Exercise goal.
Output, word for word, the line that contains "Huile de massage" and all lines after it in the records below, omitting pictures.

[Start of section]

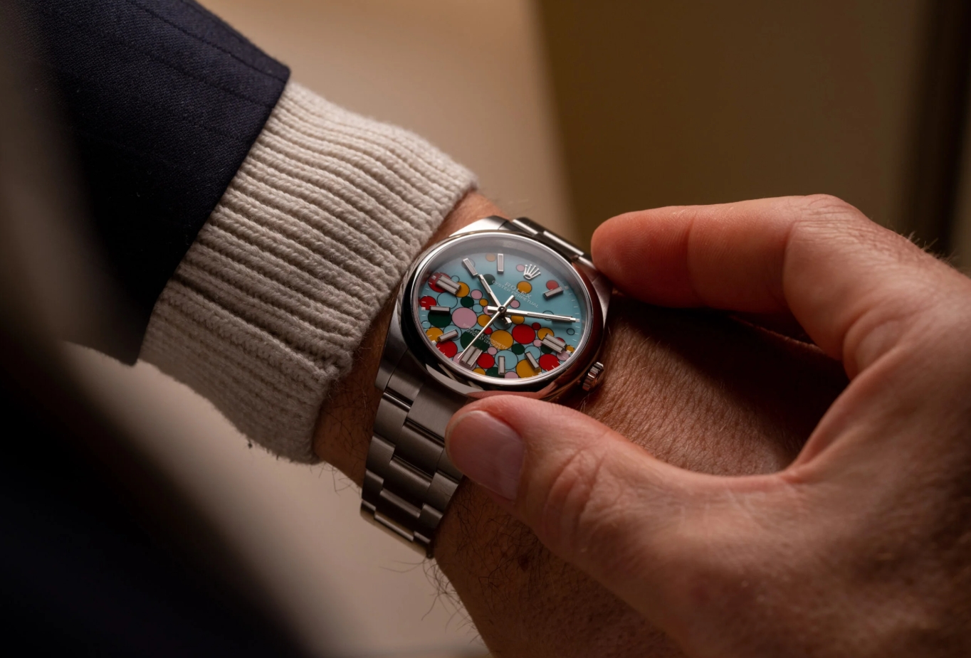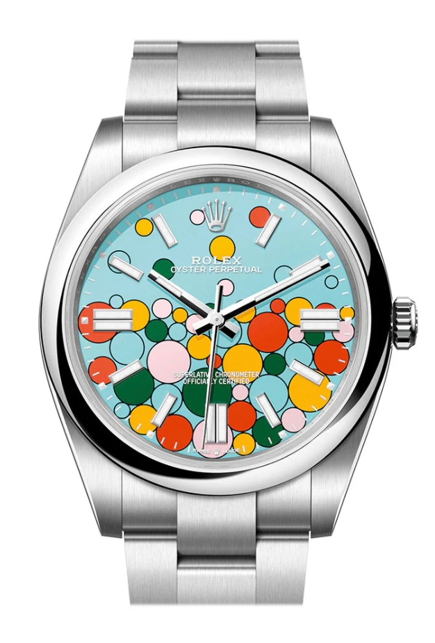 Rolex at Watches & Wonders this year can be described in two words: acid trip. Sure, there were the usual incremental updates to lines such as the GMT Master II and Rolex Daytona. And it was exciting to see the new 1908 have a sapphire caseback across all 1:1 replica Rolex watches and the platinum anniversary Daytona as well. Even the debut of RLX titanium in the Yacht-Master 42 line was an exciting development above the typical colour change of a bezel or dial. But where things got really weird and, perhaps, wonderful, depending on your tastes, were the new Day-Date Jigsaw models and the Rolex Oyster Perpetual Celebration Dial.
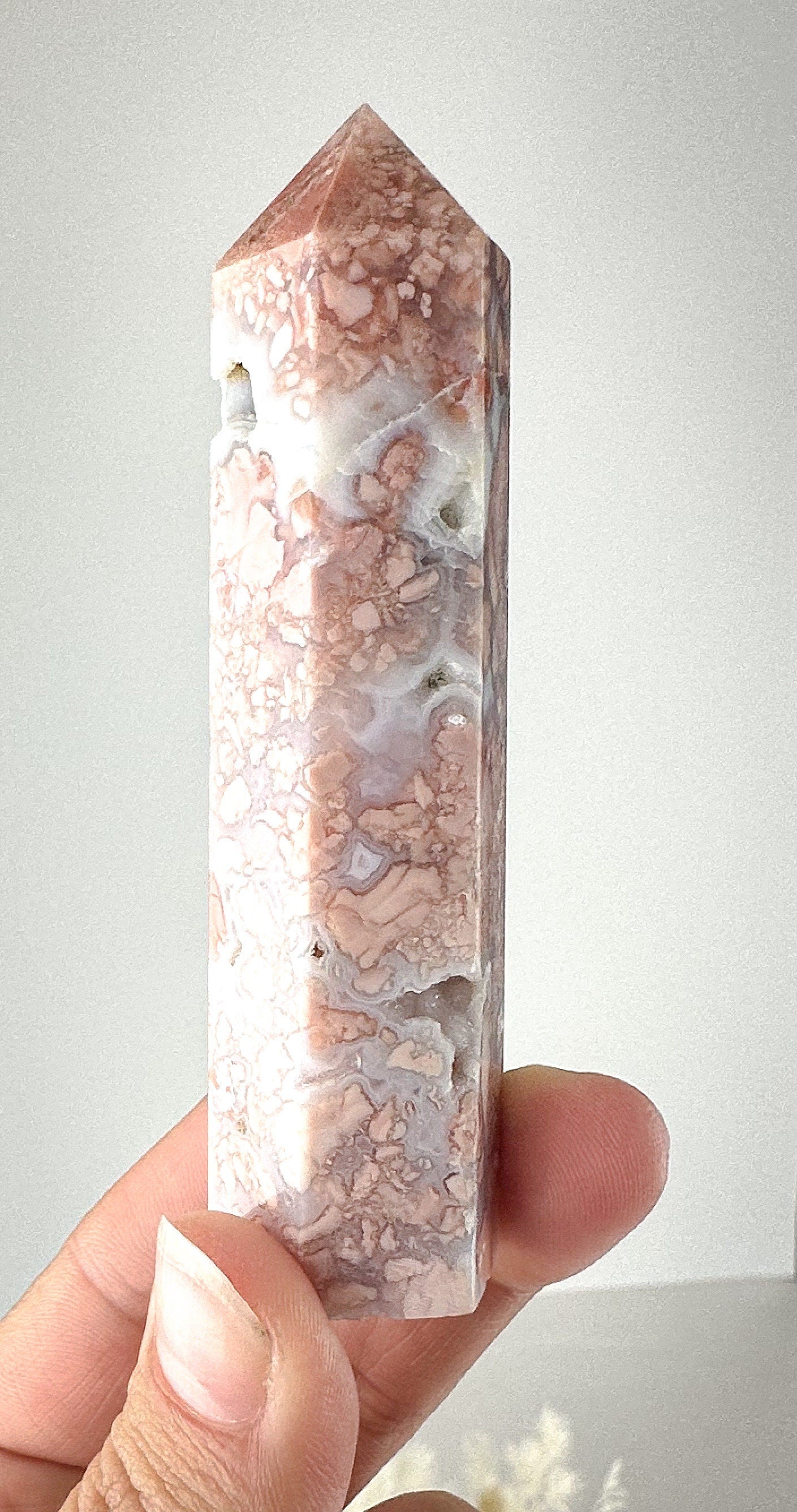 Whether you're a crystal enthusiast or simply seeking to add a touch of elegance to your decor, this Pink Agate Tower is an exquisite choice. Embrace the harmonious energy it brings into your surroundings and cherish its unique beauty.
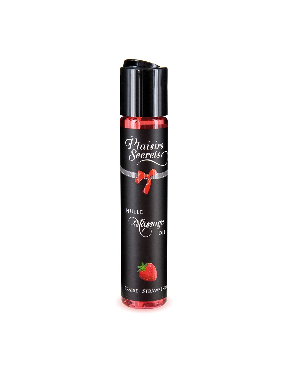 Huile de massage comestible avec goût fraise exquis, par Plaisirs Secrets.
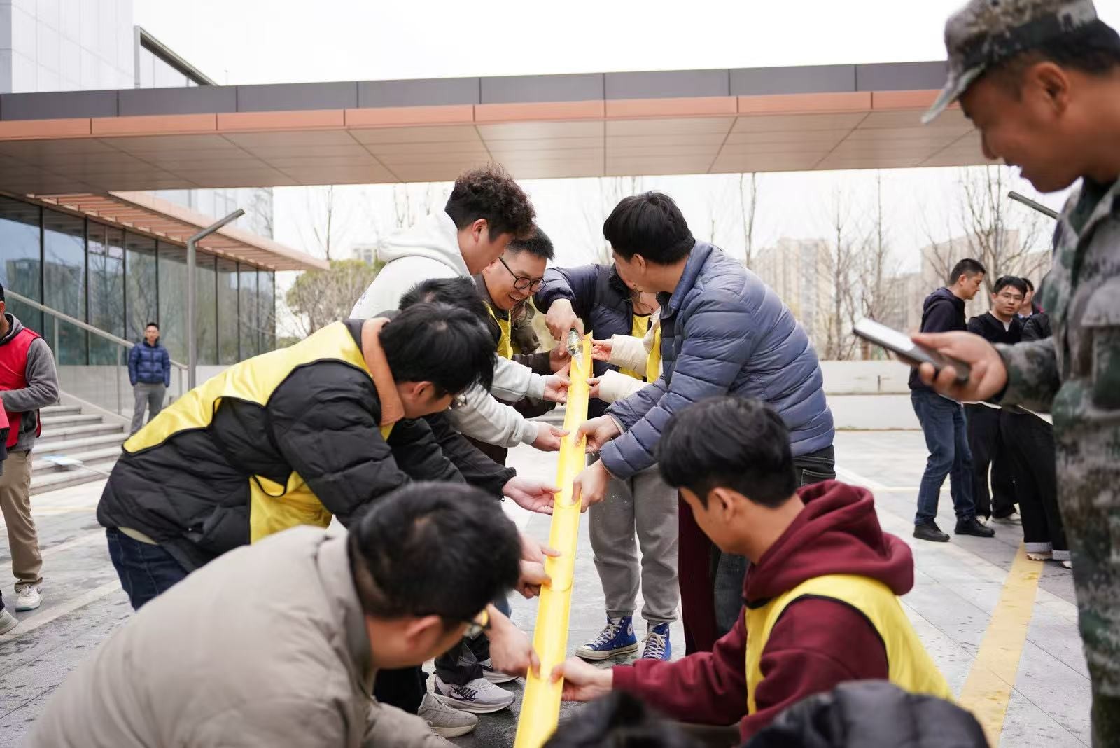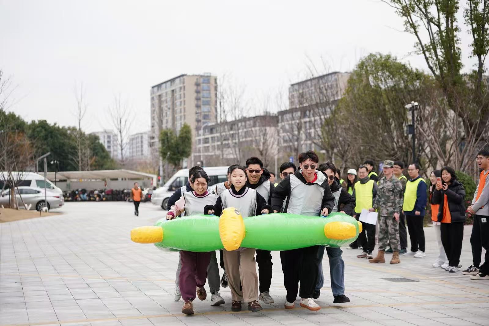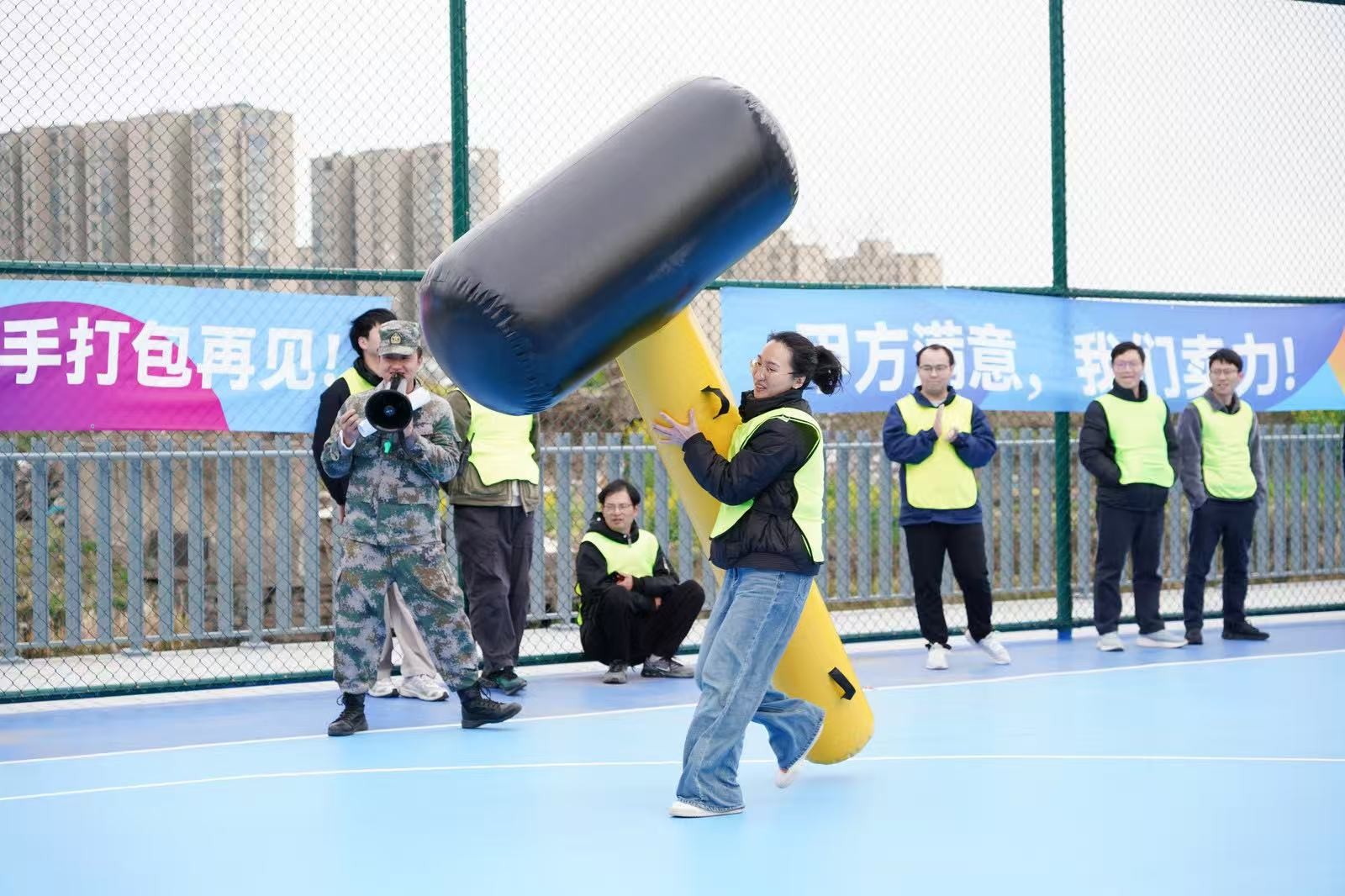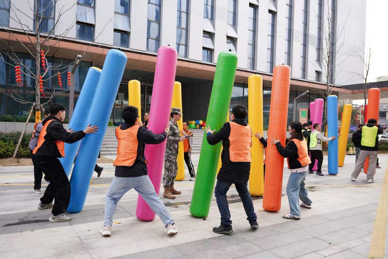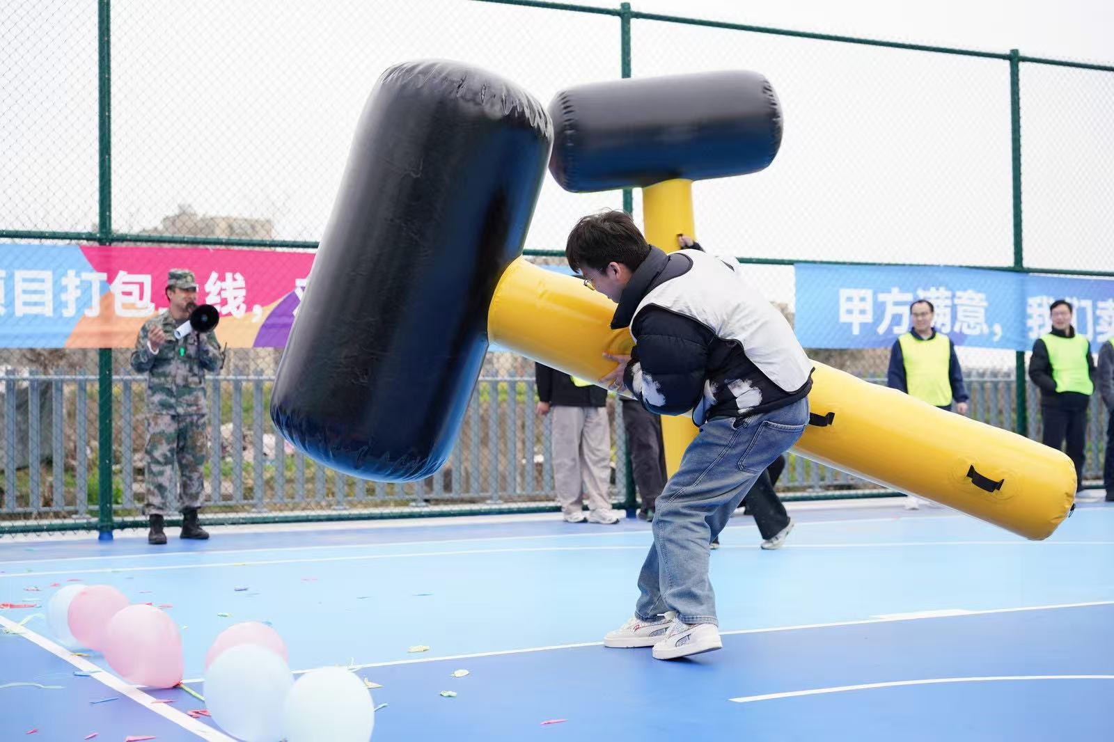 在“南水北調”項目中,隊員們手持PVC管接力運水,5分鐘內爭分奪秒,讓水流在管中傳遞涌向重點,仿佛將團隊的信任與責任匯聚成河。“龜兔賽跑”則讓隊員們化身可愛的“烏龜”和“兔子”,在賽道上你追我趕,妙趣橫生。“鴻運亨通”需要8人共同托舉大球折返跑,大家步調一致,齊頭并進。“一錘定音”環(huán)節(jié),隊員們揮動充氣大錘敲破氣球,每一聲“砰”響都引來陣陣喝彩。
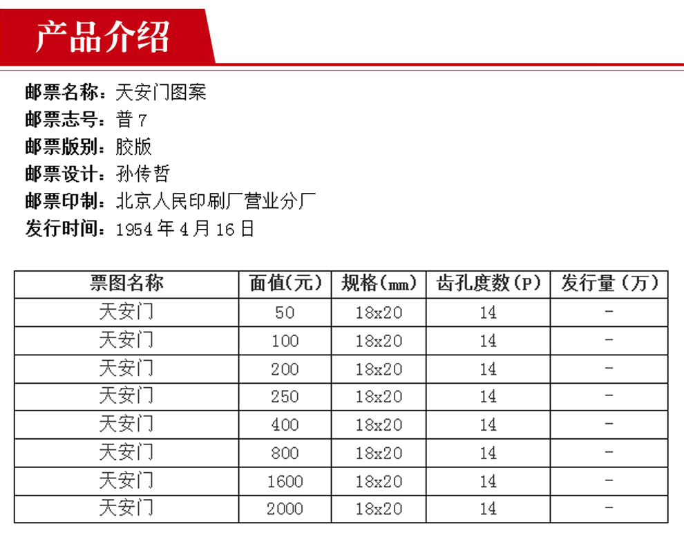 普通邮票 普7 天安门图案 第六版 1954年邮票
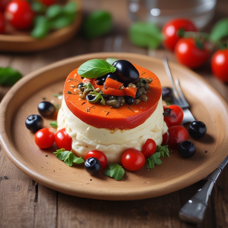 Timbal de Jitomate y Queso de Cabra con Salsa de Albahaca

[End of section]

Solution.
 Huile de massage comestible avec goût fraise exquis, par Plaisirs Secrets.
 在“南水北調”項目中,隊員們手持PVC管接力運水,5分鐘內爭分奪秒,讓水流在管中傳遞涌向重點,仿佛將團隊的信任與責任匯聚成河。“龜兔賽跑”則讓隊員們化身可愛的“烏龜”和“兔子”,在賽道上你追我趕,妙趣橫生。“鴻運亨通”需要8人共同托舉大球折返跑,大家步調一致,齊頭并進。“一錘定音”環(huán)節(jié),隊員們揮動充氣大錘敲破氣球,每一聲“砰”響都引來陣陣喝彩。
 普通邮票 普7 天安门图案 第六版 1954年邮票
 Timbal de Jitomate y Queso de Cabra con Salsa de Albahaca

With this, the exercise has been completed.